Thrilling. Amazing. Let’s, let’s talk about what’s even more amazing, which is the third part of this earning more. And you see this Diana sticking with you. Earning more makes a ton of sense. Like this is when I was a financial planner. A lot of people would come in and they’d say, Hey, I’ve tried to cut my budget, cut my, I can’t cut anymore.
And you know, they were a hundred percent right. They just needed to earn more money earning. I feel like Diana’s the piece of the conversation not enough people talk
about. Absolutely. And I think the reason is because When you’re first cleaning up your finances, it is easier to look at your expenses and see what can I cut, you know, earning more.
Maybe that means you’re looking for a new job. You know, you’re switching companies, you’re putting together a plan to ask for a raise. So I think it can be more challenging, but there’s definitely a lot of value in, you know, building that gap between your income and expenses by increasing your income. It definitely makes things easier.
It’s easier to save when you’ve got more income coming in.
Somewhere in the recess of my memory, I think you’ve either told me a story before or you’ve written about like when you asked for a raise one time and it was a really weird conversation.
Oh, you’re talking about when I quit my job. Yeah, maybe.
No, I asked for a raise to be more in line with my fellow employees. I did all the research of like, what is my market value? I had, you know, put together a whole case of, you know, what I’ve done for the company, what I’ve earned for the company. And, um, it was denied. And so it, that really kind of started me thinking, probably time for me to move on.
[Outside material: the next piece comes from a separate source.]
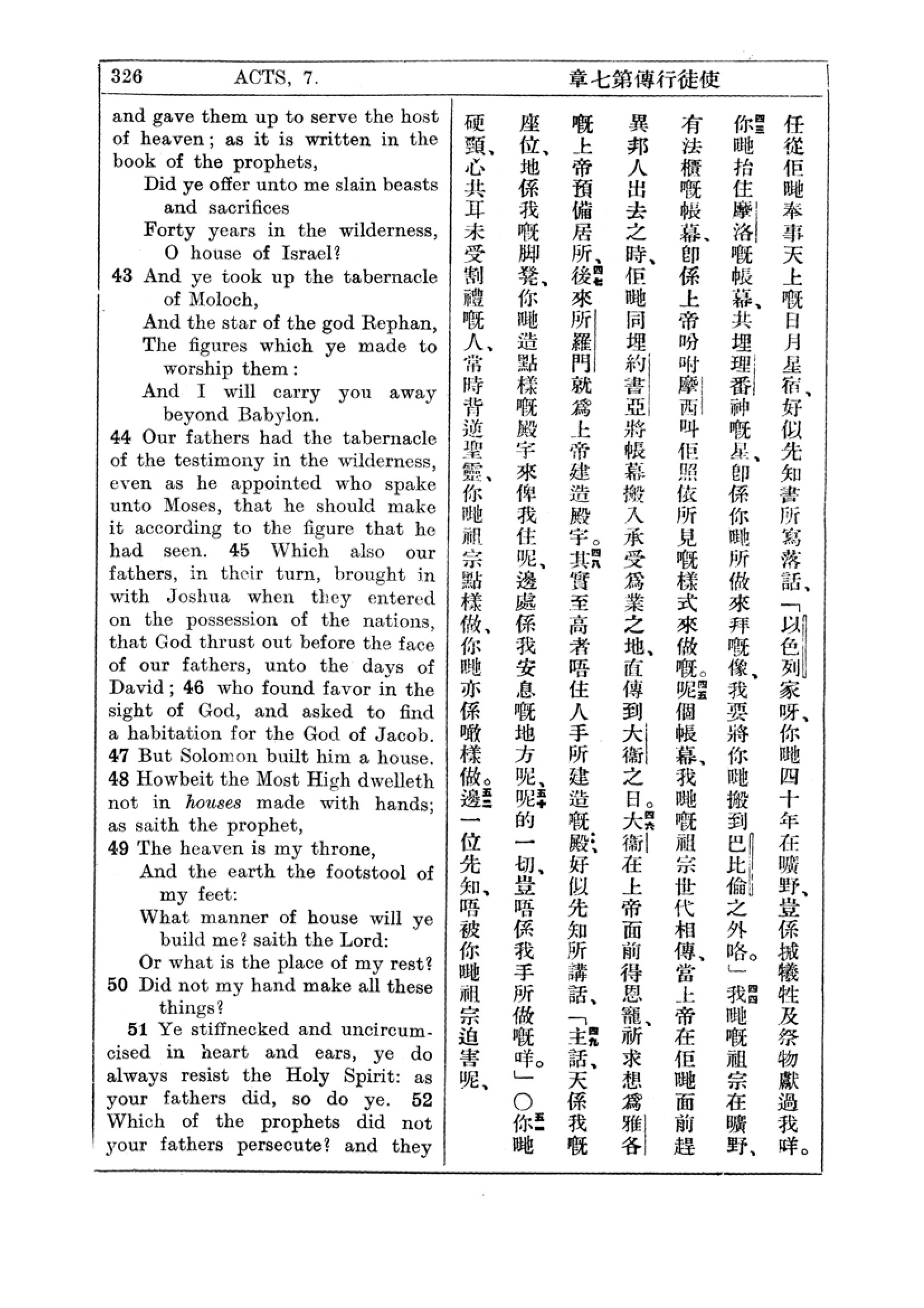 1927年新約全書(中英對照) 使徒行傳 7 章 42 節到 7 章 51 節

Which is funny because, you know, Paulette, not getting the raise isn’t always a bad thing. Like in that case, especially when you’re an entrepreneur, like going, you know what? This isn’t my market. I shouldn’t be working on this stuff because I’m not getting paid over here.
Mm hmm. I wouldn’t know anything about that Cuz
you always get paid I got
the joke, yeah Yeah, I mean, I mean, you know, it’s like failure what we might call failure is always a good lesson But I think that is a really good, you know, like that makes me so mad I think especially because we see how women are just so, you know less valued in the workforce and sounds like Diana you really like had the argument, you know, and then it is like, okay, well, if you’re not gonna give this to me, like, yeah, I’m headed somewhere else.
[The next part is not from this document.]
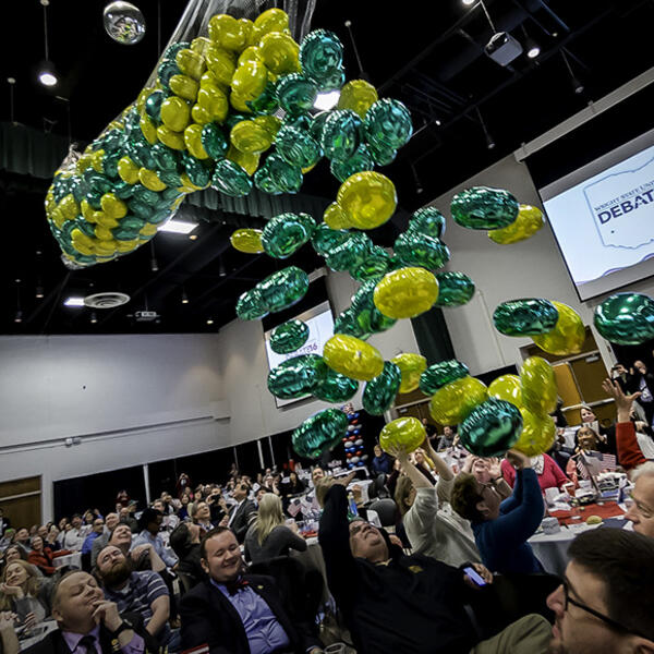 About 600 Wright State staff, faculty, students, administrators and others filled the Student Union Apollo Room on March 1 to attend the Debate Launch event.

So did you get another job after that? You liked more and made
more money? No, that’s when I just decided to work for myself really and focus on economy and the podcast. I love
not having to ask anyone’s permission to make more money because how hard you work. Seems pretty disconnected so often from how much you may get companies, right?
To me, it’s such a tricky thing because if you ask for a raise and you don’t get it You send the message that I’m just willing to settle than less than I’m worth And then if you also don’t get it, you know, they they think you’re not happy there and you’re looking for something else Right. It’s I think if you’re really unhappy with your pay sure you should try to ask for a raise but Really, I think you should just look elsewhere.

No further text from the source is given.